MATERIAL PROVIDED:
--
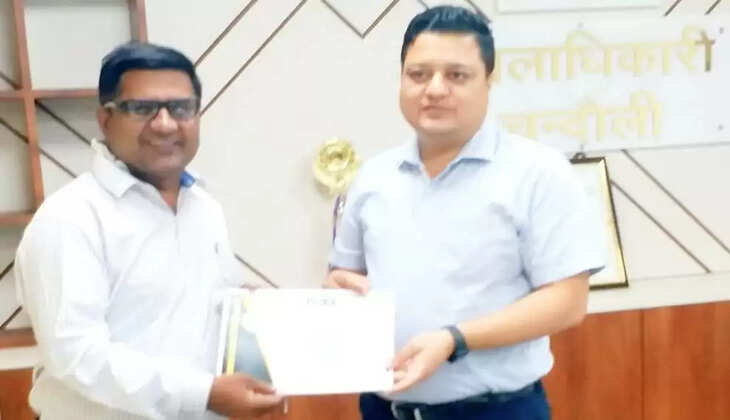 उत्कृष्ट कार्य के लिए डीएम चंदौली ने स्वीप आइकॉन राकेश रौशन को किया सम्मानित
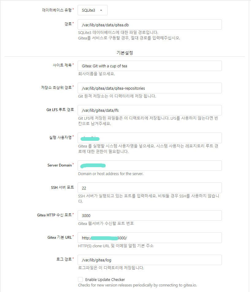DB는 따로 설치가 필요 없는 SQLite3을 택하였다.(Gitea는 데이터베이스 백엔드를 사용해야 한다고 한다.)
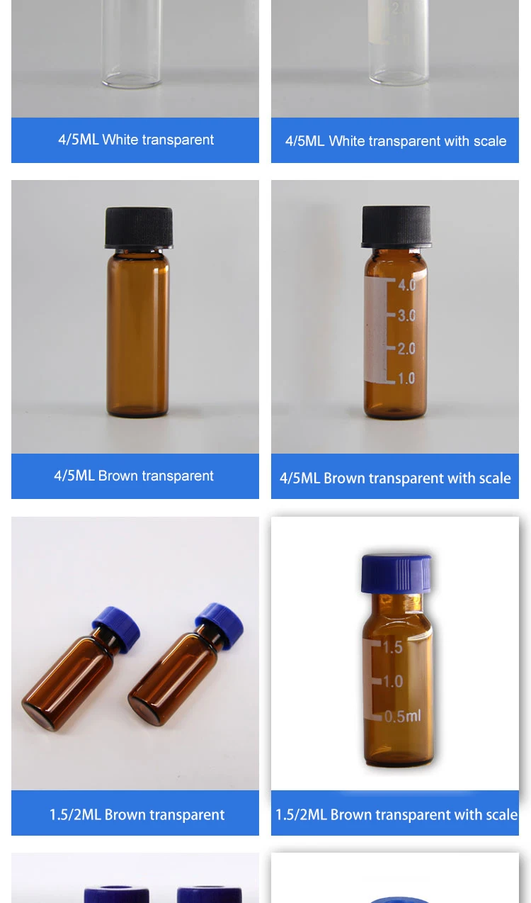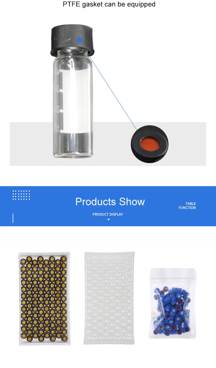 1. Красный PTFE/Белый силиконовый Septa синий короткий винт-резьба PP крышка 6 мм Центр отверстие. 2. Флакон: прозрачный стеклянный флакон Hplc объемом 2 мл. Упаковка: 100 шт/коробки
--
WORK TO COMPLETE: Please restate the data word for word, leaving out any picture it holds.

EXPECTED ANSWER:
 उत्कृष्ट कार्य के लिए डीएम चंदौली ने स्वीप आइकॉन राकेश रौशन को किया सम्मानित
DB는 따로 설치가 필요 없는 SQLite3을 택하였다.(Gitea는 데이터베이스 백엔드를 사용해야 한다고 한다.)
 1. Красный PTFE/Белый силиконовый Septa синий короткий винт-резьба PP крышка 6 мм Центр отверстие. 2. Флакон: прозрачный стеклянный флакон Hplc объемом 2 мл. Упаковка: 100 шт/коробки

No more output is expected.